**Given data**
....

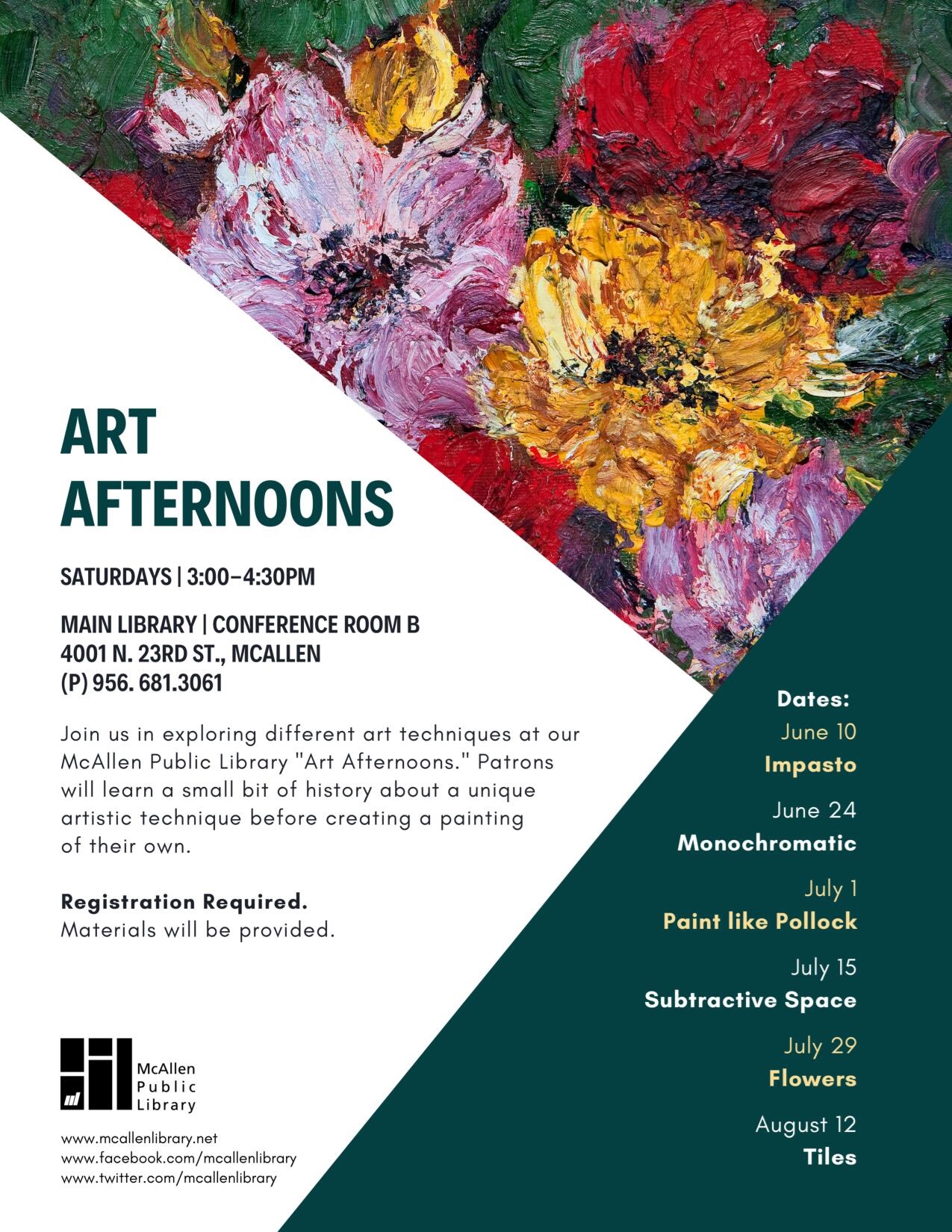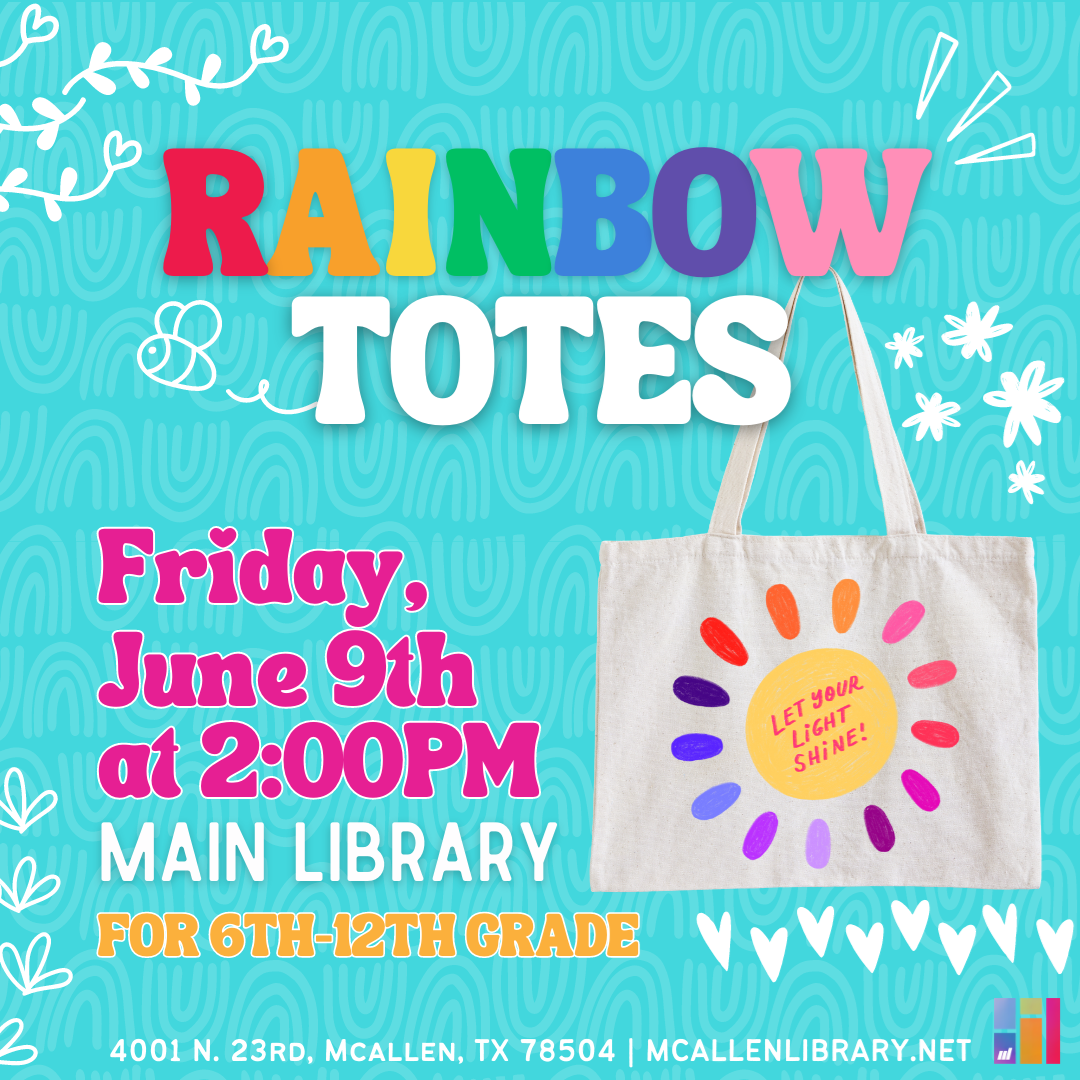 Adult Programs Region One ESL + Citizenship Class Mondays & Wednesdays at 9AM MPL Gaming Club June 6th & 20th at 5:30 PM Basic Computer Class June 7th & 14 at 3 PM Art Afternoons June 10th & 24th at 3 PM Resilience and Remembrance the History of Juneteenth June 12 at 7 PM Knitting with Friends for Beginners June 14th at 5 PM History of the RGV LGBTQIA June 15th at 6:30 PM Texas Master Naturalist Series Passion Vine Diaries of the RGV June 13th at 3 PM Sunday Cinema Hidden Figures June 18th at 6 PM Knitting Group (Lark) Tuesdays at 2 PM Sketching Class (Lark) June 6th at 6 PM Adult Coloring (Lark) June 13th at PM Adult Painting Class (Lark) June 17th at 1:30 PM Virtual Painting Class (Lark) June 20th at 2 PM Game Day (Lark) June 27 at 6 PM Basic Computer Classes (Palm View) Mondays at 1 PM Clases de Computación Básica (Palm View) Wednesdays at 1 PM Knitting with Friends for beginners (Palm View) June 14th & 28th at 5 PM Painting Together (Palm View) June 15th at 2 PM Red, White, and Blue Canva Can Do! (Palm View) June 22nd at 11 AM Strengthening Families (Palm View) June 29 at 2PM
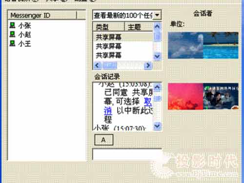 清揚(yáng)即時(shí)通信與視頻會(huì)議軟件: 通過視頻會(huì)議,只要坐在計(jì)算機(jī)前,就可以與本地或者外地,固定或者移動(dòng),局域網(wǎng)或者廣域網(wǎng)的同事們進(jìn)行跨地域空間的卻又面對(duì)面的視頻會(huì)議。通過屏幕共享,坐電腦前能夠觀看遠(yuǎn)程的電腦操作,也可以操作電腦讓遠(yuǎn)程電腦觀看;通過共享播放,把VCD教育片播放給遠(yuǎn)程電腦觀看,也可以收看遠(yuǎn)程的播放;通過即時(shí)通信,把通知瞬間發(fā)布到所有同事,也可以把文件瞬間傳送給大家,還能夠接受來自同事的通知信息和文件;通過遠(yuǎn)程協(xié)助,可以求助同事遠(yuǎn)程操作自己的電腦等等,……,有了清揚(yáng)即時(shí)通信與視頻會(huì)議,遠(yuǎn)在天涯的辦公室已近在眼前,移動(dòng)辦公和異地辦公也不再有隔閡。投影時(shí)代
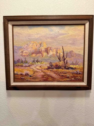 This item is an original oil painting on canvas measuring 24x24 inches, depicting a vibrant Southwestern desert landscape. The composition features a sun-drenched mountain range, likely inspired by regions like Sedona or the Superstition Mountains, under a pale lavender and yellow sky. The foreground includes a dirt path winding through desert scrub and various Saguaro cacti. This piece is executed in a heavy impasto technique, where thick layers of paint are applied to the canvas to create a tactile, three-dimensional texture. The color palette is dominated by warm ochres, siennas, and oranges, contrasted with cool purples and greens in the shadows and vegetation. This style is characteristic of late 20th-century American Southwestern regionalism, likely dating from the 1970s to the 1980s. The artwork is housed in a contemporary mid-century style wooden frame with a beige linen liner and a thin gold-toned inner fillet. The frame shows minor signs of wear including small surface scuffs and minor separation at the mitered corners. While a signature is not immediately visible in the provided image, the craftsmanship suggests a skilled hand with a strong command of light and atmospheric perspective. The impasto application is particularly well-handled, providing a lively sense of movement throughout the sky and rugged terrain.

....

**Exercise aim**
Leave out the pictures and retype every line above exactly.

**Result of this exercise**
 Adult Programs Region One ESL + Citizenship Class Mondays & Wednesdays at 9AM MPL Gaming Club June 6th & 20th at 5:30 PM Basic Computer Class June 7th & 14 at 3 PM Art Afternoons June 10th & 24th at 3 PM Resilience and Remembrance the History of Juneteenth June 12 at 7 PM Knitting with Friends for Beginners June 14th at 5 PM History of the RGV LGBTQIA June 15th at 6:30 PM Texas Master Naturalist Series Passion Vine Diaries of the RGV June 13th at 3 PM Sunday Cinema Hidden Figures June 18th at 6 PM Knitting Group (Lark) Tuesdays at 2 PM Sketching Class (Lark) June 6th at 6 PM Adult Coloring (Lark) June 13th at PM Adult Painting Class (Lark) June 17th at 1:30 PM Virtual Painting Class (Lark) June 20th at 2 PM Game Day (Lark) June 27 at 6 PM Basic Computer Classes (Palm View) Mondays at 1 PM Clases de Computación Básica (Palm View) Wednesdays at 1 PM Knitting with Friends for beginners (Palm View) June 14th & 28th at 5 PM Painting Together (Palm View) June 15th at 2 PM Red, White, and Blue Canva Can Do! (Palm View) June 22nd at 11 AM Strengthening Families (Palm View) June 29 at 2PM
 清揚(yáng)即時(shí)通信與視頻會(huì)議軟件: 通過視頻會(huì)議,只要坐在計(jì)算機(jī)前,就可以與本地或者外地,固定或者移動(dòng),局域網(wǎng)或者廣域網(wǎng)的同事們進(jìn)行跨地域空間的卻又面對(duì)面的視頻會(huì)議。通過屏幕共享,坐電腦前能夠觀看遠(yuǎn)程的電腦操作,也可以操作電腦讓遠(yuǎn)程電腦觀看;通過共享播放,把VCD教育片播放給遠(yuǎn)程電腦觀看,也可以收看遠(yuǎn)程的播放;通過即時(shí)通信,把通知瞬間發(fā)布到所有同事,也可以把文件瞬間傳送給大家,還能夠接受來自同事的通知信息和文件;通過遠(yuǎn)程協(xié)助,可以求助同事遠(yuǎn)程操作自己的電腦等等,……,有了清揚(yáng)即時(shí)通信與視頻會(huì)議,遠(yuǎn)在天涯的辦公室已近在眼前,移動(dòng)辦公和異地辦公也不再有隔閡。投影時(shí)代
 This item is an original oil painting on canvas measuring 24x24 inches, depicting a vibrant Southwestern desert landscape. The composition features a sun-drenched mountain range, likely inspired by regions like Sedona or the Superstition Mountains, under a pale lavender and yellow sky. The foreground includes a dirt path winding through desert scrub and various Saguaro cacti. This piece is executed in a heavy impasto technique, where thick layers of paint are applied to the canvas to create a tactile, three-dimensional texture. The color palette is dominated by warm ochres, siennas, and oranges, contrasted with cool purples and greens in the shadows and vegetation. This style is characteristic of late 20th-century American Southwestern regionalism, likely dating from the 1970s to the 1980s. The artwork is housed in a contemporary mid-century style wooden frame with a beige linen liner and a thin gold-toned inner fillet. The frame shows minor signs of wear including small surface scuffs and minor separation at the mitered corners. While a signature is not immediately visible in the provided image, the craftsmanship suggests a skilled hand with a strong command of light and atmospheric perspective. The impasto application is particularly well-handled, providing a lively sense of movement throughout the sky and rugged terrain.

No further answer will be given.